[Beowulf] choosing a high-speed interconnect

Tue Oct 12 22:12:31 PDT 2004

Hi Matt:

  Good to see you here ... :)

Matt L. Leininger wrote:

>  
>
> 
>  There are multiple 128 node (and greater) IB systems that are stable
>and are being used for production apps.  The #7 top500 machine from
>RIKEN is using IB and has been in production for over six months.  My
>cluster at Sandia (about 128 nodes) is being used for IB R&D and
>  
>

FWIW I used the nice setup that the AMD Dev center team have set up for 
benchmarking and testing.  They have a nice IB platform there.

[...]

>   QP scaling isn't as critical an issue if the MPI implementation sets
>up the connections as needed (kinda of a lazy connection setup).  Why
>set up an all-to-all QP connectivity if the MPI implements an all-to-all
>or collectives as tree based pt2pt algorithms.  Network congestion on
>larger clusters can be reduced by using source based adaptive
>(multipath) routing instead of the standard IB static routing.  
>  
>

On features utility ... (qp scaling, ...)  (more to Mark than Matt here)

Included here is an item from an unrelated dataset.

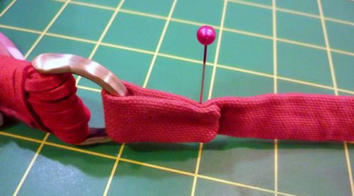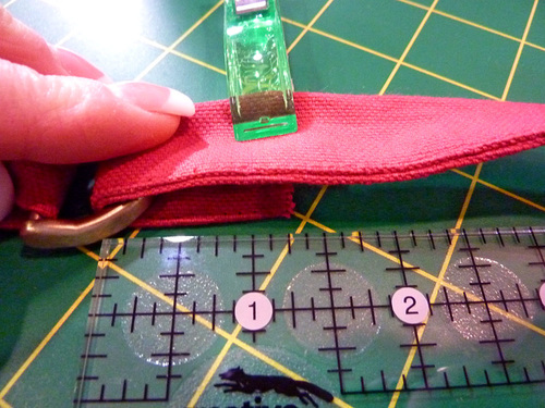 - Wrap the finished end of the strap through the D-Ring, bringing it back on itself about 1”. Pin in place.

One of the things I remember as a "feature" much touted by the 
marketeers in the ccNUMA 6.5 IRIX days was page migration.  This feature 
was supposed to ameliorate memory access hotspots in parallel codes.  
Enough hits on a page from a remote CPU, and whammo, off it went to the 
remote CPU.

Turns out this was "A Bad Thing(TM)".  There were many reasons for this, 
but in the end, page migration was little more than a marginal feature, 
best used in specific corner cases.  Sure, someone will speak up and 
tell me how much pain it saved them, or made their code 3 orders of 
magnitude faster.  I never saw that in general.  I got better results 
from dplace, and large pages than I ever got from some of these other 
features.

The point is that there are often lots of features.  Some of which might 
even be generally useful.  Others might simply not be useful as the 
application level issues might be better served by other methods (as you 
pointed out). 

IB works pretty nicely on clusters.  So do many of the other 
interconnects.  If you have latency bound or bandwidth bound problems, 
certainly it would be worth looking into.

The original question was which to look at.  First the need needs to be 
assessed, and from there, a reasonable comparison may be made.  IB does 
look like it is drawing wide support right now, and is not single 
sourced.  It may be possible (though I haven't done much in the way of 
measurement) that tcp offload systems might help as well.  If you are 
not extremely sensitive to latency, you might be able to use these.  If 
you are, you should stick to the low latency fabrics.

>  Also remember that IB has a lot more field experience than the latest
>Myricom hardware and MX software stack.  
>  
>

Joe